Although Boston’s waterfront today extends far beyond the Custom House, when it was constructed the harbor was not as distant as today; in fact, the original shoreline was up almost near the Old State House. By the time of construction, the Custom House sat on the edge of the harbor, perfectly situated to send its agents out for inspections and tax collection. Long Wharf, now much shorter, traveled almost to its doorstep. 

In the early 1900s, the size of the original Custom House could not adequately accommodate the amount of resources needed for the increased demands of a larger and more robust trade fleet. Eventually, the architecture firm Peabody & Stearns, famous in Boston’s architectural history and wildly influential in the area, added their design for a tower to the building. A remarkable design, the building’s height made it the tallest building in Boston for several years, and it towered over everything else surrounding it, a reminder of Boston’s place in the maritime trade. In fact, its mighty stature is only a result of its status as a federal building. At the time, the building code in Boston limited new buildings to 125 feet. However,  the federal exemption allowed the Custom House Tower to rise an additional 371 feet over the limit.

Custom House

The tower itself is clad in granite, mimicking the style of the base Custom House. This building material continuity allows for the unaware to see the building and tower as one unit, rather than an addition. This continuity marks the tower as a prime example of working with history, rather than trying to fight it — a respect of the style, features, and success of the past. Presently, the Custom House Tower is home to a Marriott timeshare and hotel. When Government Center was redeveloped, new federal buildings allowed for a consolidation of different agencies, including the ones formerly occupying the Custom House. The newly vacant building sat empty for several years, until finally Marriott announced plans for its occupation. 
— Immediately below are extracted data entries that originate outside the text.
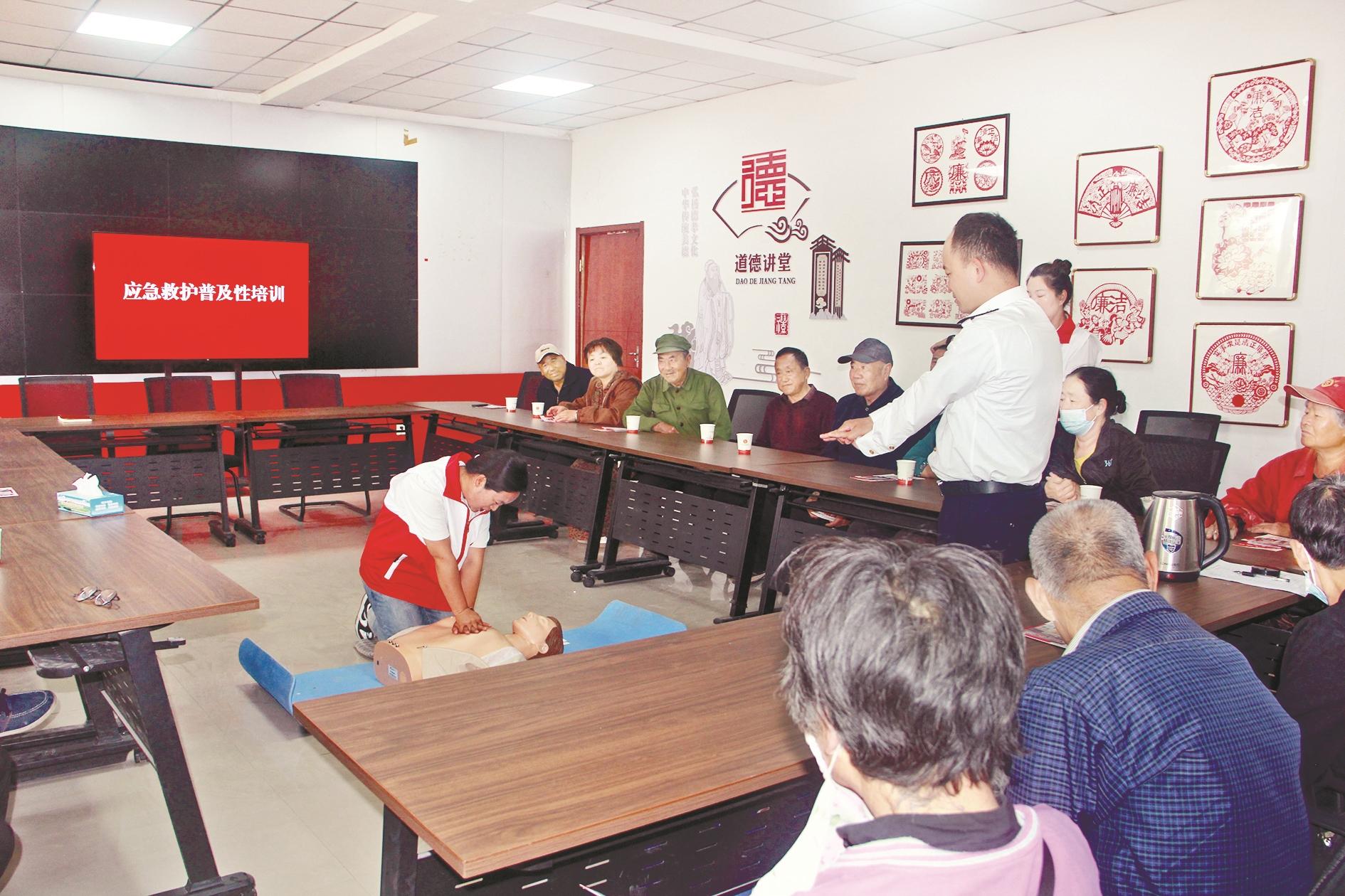 5月10日,海勃湾区红十字会在滨河街道中河源社区开展救护知识培训,现场为居民们讲解心肺复苏“黄金四分钟”的急救知识,并手把手指导居民们开展实际操作。 (段维娜 摄)
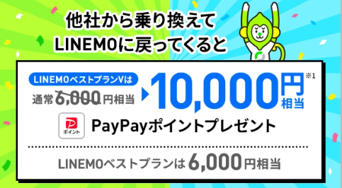 還元額がLINEMOベストプランVが10,000円分、LINEMOベストプランが6,000円、容量が少なくてもOKな人はLINEMOベストプランに乗り換えも手
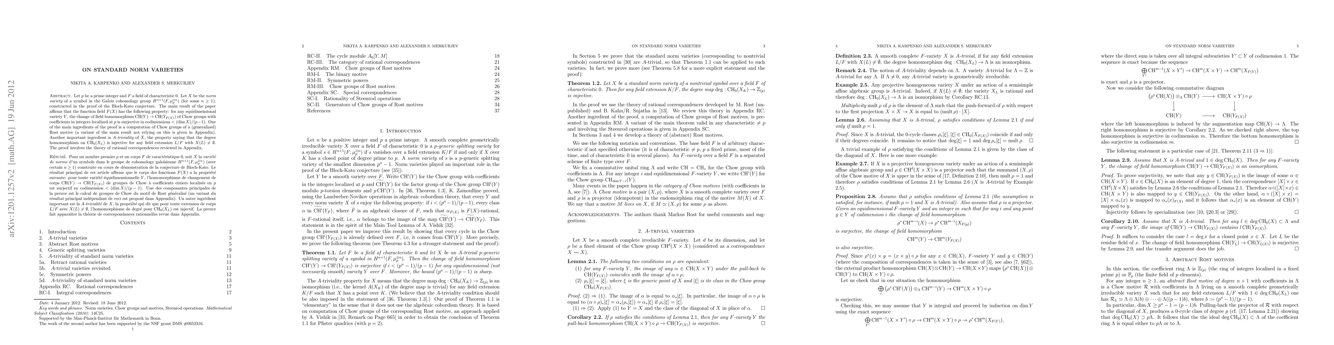 Let $p$ be a prime integer and $F$ a field of characteristic 0. Let $X$ be the {\em norm variety} of a symbol in the Galois cohomology group $H^{n+1}(F,\mu_p^{\otimes n})$ (for some $n\geq1$), constructed in the proof of the Bloch-Kato conjecture. The main result of the paper affirms that the function field $F(X)$ has the following property: for any equidimensional variety $Y$, the change of field homomorphism $\CH(Y)\to\CH(Y_{F(X)})$ of Chow groups with coefficients in integers localized at $p$ is surjective in codimensions $< (\dim X)/(p-1)$. One of the main ingredients of the proof is a computation of Chow groups of a (generalized) Rost motive (a variant of the main result not relying on this is given in Appendix). Another important ingredient is {\em $A$-triviality} of $X$, the property saying that the degree homomorphism on $\CH_0(X_L)$ is injective for any field extension $L/F$ with $X(L)\ne\emptyset$. The proof involves the theory of rational correspondences reviewed in Appendix.
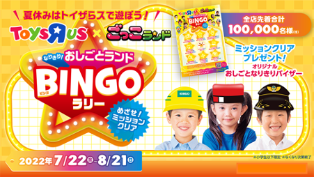 2022年7月22日(金)から8月21日(日)の期間に、国内のトイザらス、ベビーザらス店舗で小学生以下のお子様を対象にビンゴラリーカードが配布されます。カードに記載されたミッションを店内でクリアしビンゴすると、『ごっこランド』に登場する実在する企業をモチーフにした「オリジナルおしごとなりきりバイザー」がプレゼントされます。
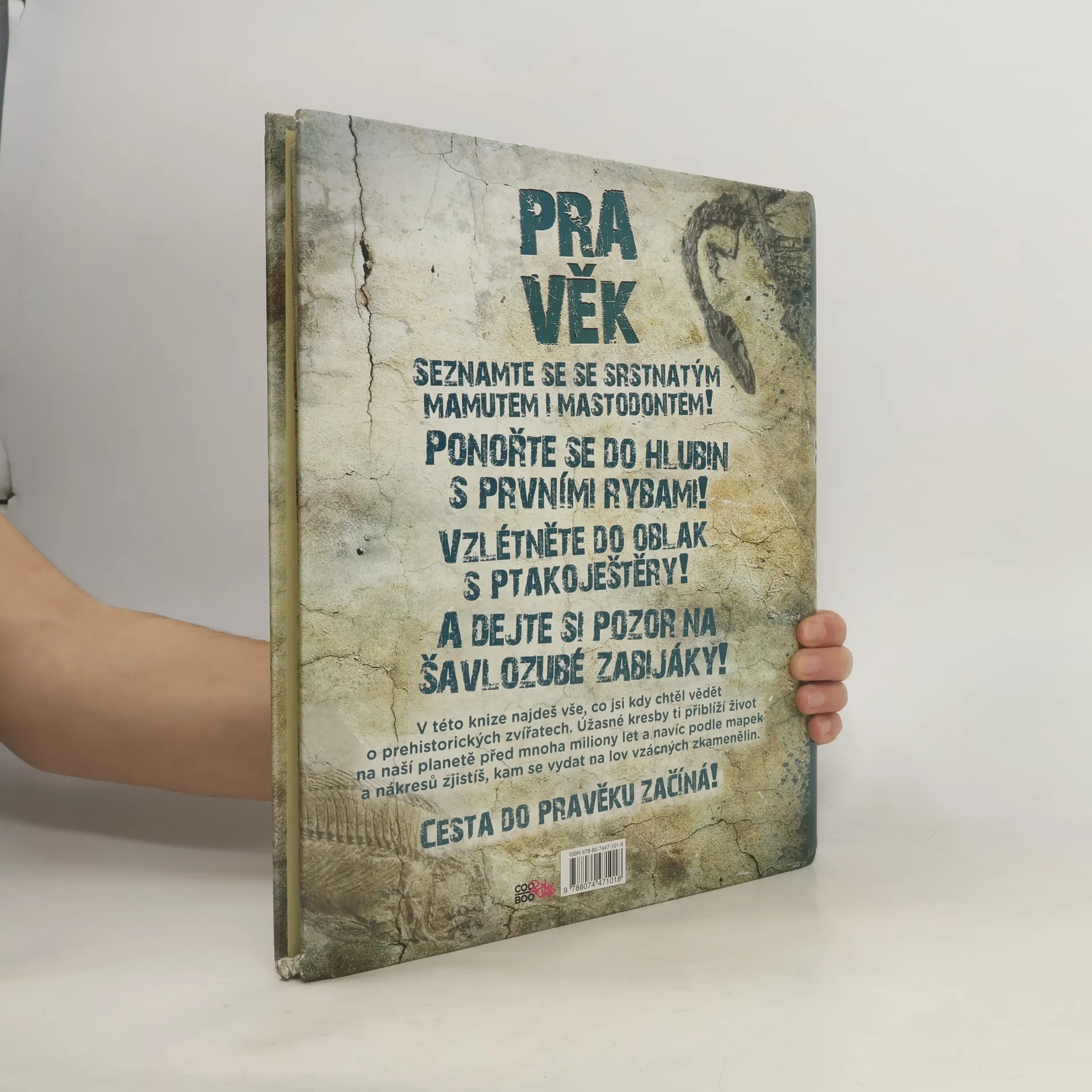 Cesta do pravěku začíná! V této knize najdeš vše, co jsi kdy chtěl vědět o prehistorických zvířatech. Úžasné kresby ti přiblíží život na naší planetě před mnoha miliony let a navíc podle mapek a nákresů zjistíš, kam se vydat na lov vzácných zkamenělin. Navíc se seznámíš se srstnatým mamutem a mastodontem, zaplaveš si s prvními rybami, budeš moct obdivovat velkolepé ptakoještěry, ale dej pozor na šavlozubé zabijáky!
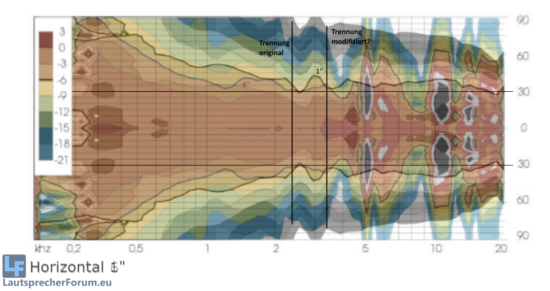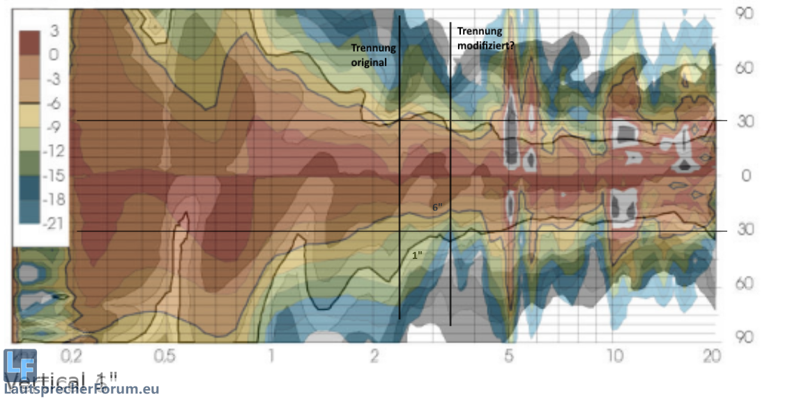 Man sieht doch recht gut, dass der 6" ab 3,5khz relativ stark zusammenzieht, da sollte man doch davor schon rausgehen, auch wenn es nicht ganz so früh sein muss wie im Original. Nunja, vielleicht offenbaren doch die Klirrmessung oder das Zerfallspektrum noch die Gründe für die recht tiefe Trennung im Original, dafür dass der MT hier doch nach vorliegenden Erkenntnissen noch ziemlich sauber spielt.
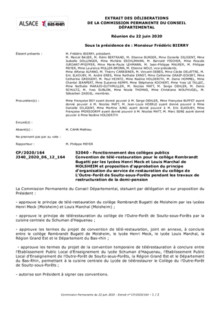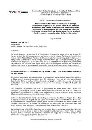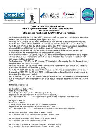 Le présent rapport de propose à la Commission Permanente d'approuver les termes de la convention de télé-restauration à conclure entre le collège Rembrandt Bugatti, les lycées Henri Meck et Louis Marchal de Molsheim et d'approuver le projet de convention temporaire à conclure entre le collège de l'Outre-Forêt de Soultz-sous-Forêts, le lycée Schuman de Haguenau, la Région Grand Est et le Département du Bas-Rhin, définissant la prestation de livraison des repas froids pour les collégiens pendant les travaux de restructuration de la demi-pension du collège, lors de la réouverture de l’établissement.
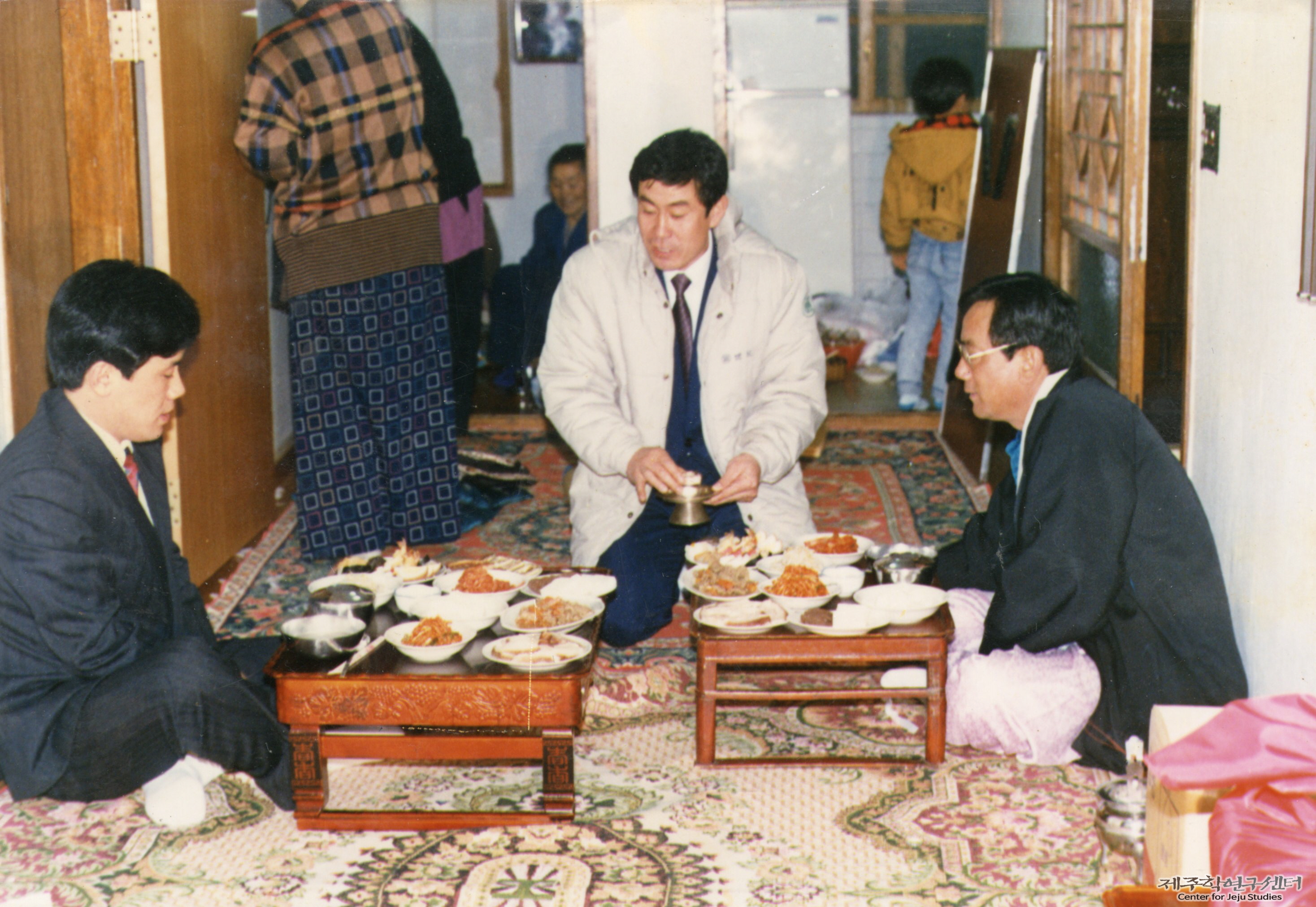 큰아들의 결혼식 당일 아침 모습으로 '문전제'를 끝내고 큰아들(사진 왼편)과 남편(사진 오른편)이 마주 앉아 덕담을 나누는 모습이다. 다과상에는 각종 과일, 돼지고기, 김치, 수육, 두부와 순대, 흰밥 등으로 상차림하였다. 그들 곁에서 시댁 조카가 술잔을 들고 있다.
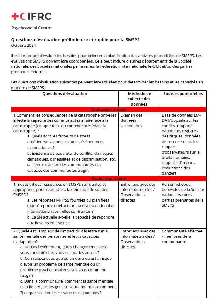 Initial and rapid assessment questions for MHPSS - French
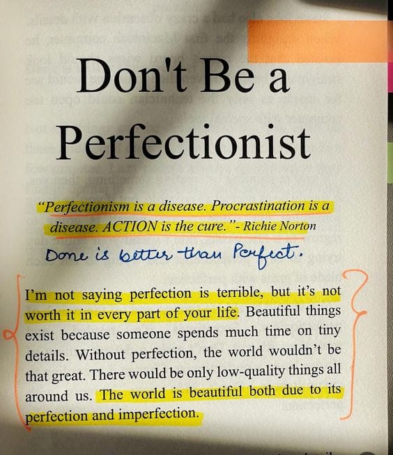 I saw a post today, it resonated with me. Action > Perfection and action enables outcomes, perfection distracts from it.
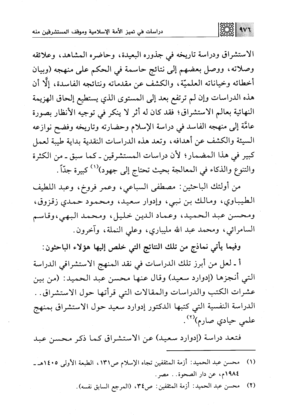 أ- لعل من أبرز تلك الدراسات في نقد المنهج الاستشراقي الدراسة التي أنجزها (إدوارد سعيد) وقال عنها محسن عبد الحميد: (من بين عشرات الكتب والدراسات والمقالات التي قرأتها حول الاستشراق. . الدراسة النفسية التي كتبها الدكتور إدوارد سعيد حول الاستشراق بمنهج علمي حيادي صارم) (¬2).
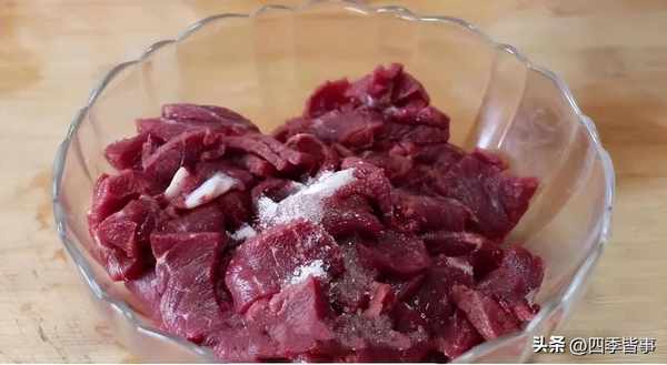 1、大块牛肉改刀切成薄片,将切好的牛肉放入一个干净的大碗中,接着给它调味腌制,碗中加入调料抓拌均匀,抓匀后腌制10分钟。
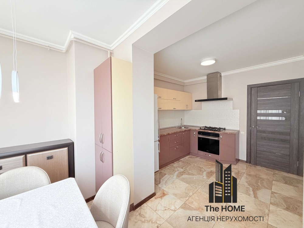 Кухня з лоджією та окремою обідньою зоною, окрема кімната з великим ліжком та розкладним диваном , санвузол з великою ванною, вмістка гардеробна для зберігання речей.
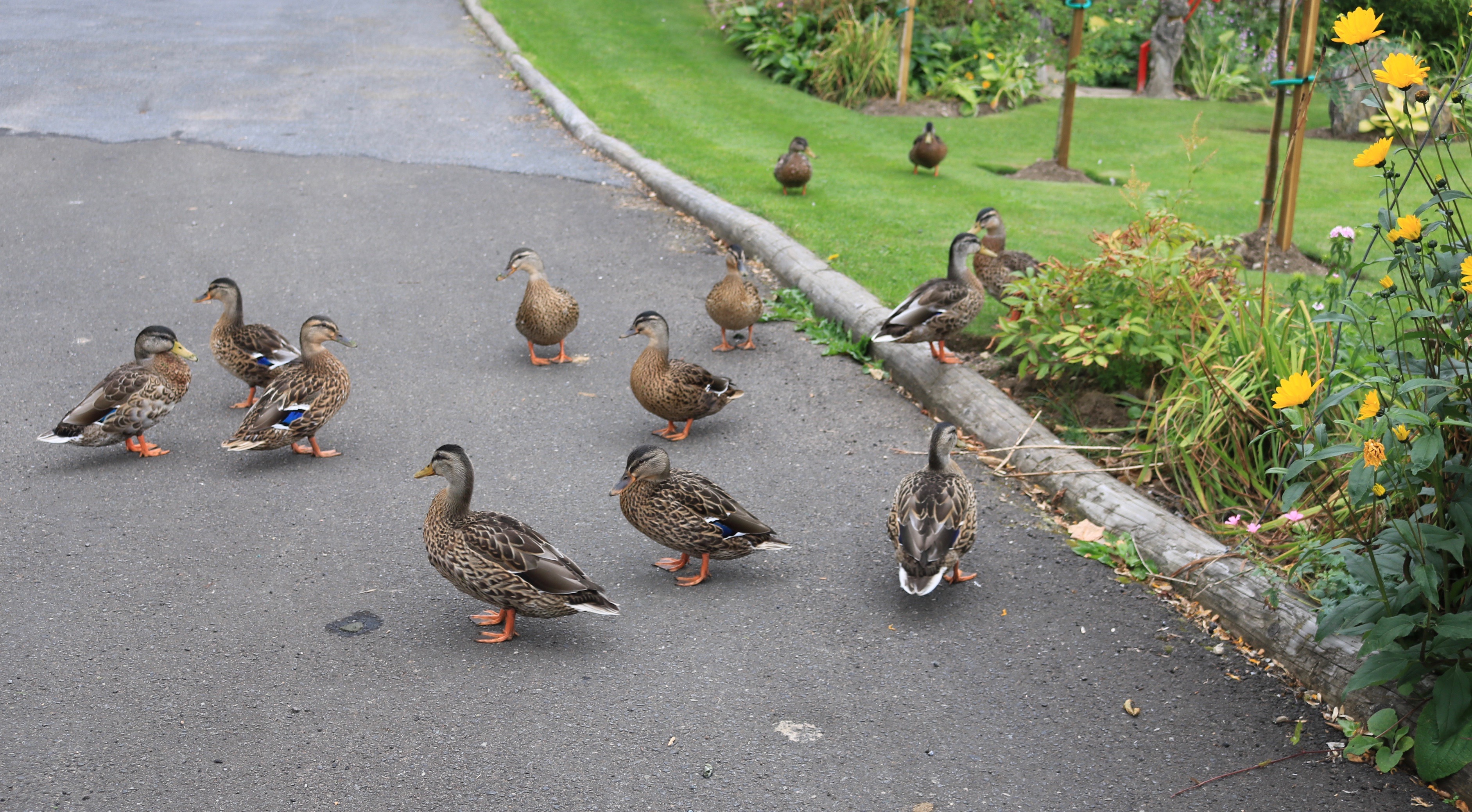 The road is always a worry, although Doug is doing his best to keep the ducks safe.

Although no longer publicly-owned , the building still allows for public access. A maritime museum now sits in the ground floors, and an observation deck on the 26th floor provides a view over the City and the harbor that the building once held such dominance over. Although Boston’s cityscape has changed significantly since the Custom House and its Tower were constructed, its continued prominence over downtown and the waterfront stands as a reminder to both visitors and and residents of the City’s history.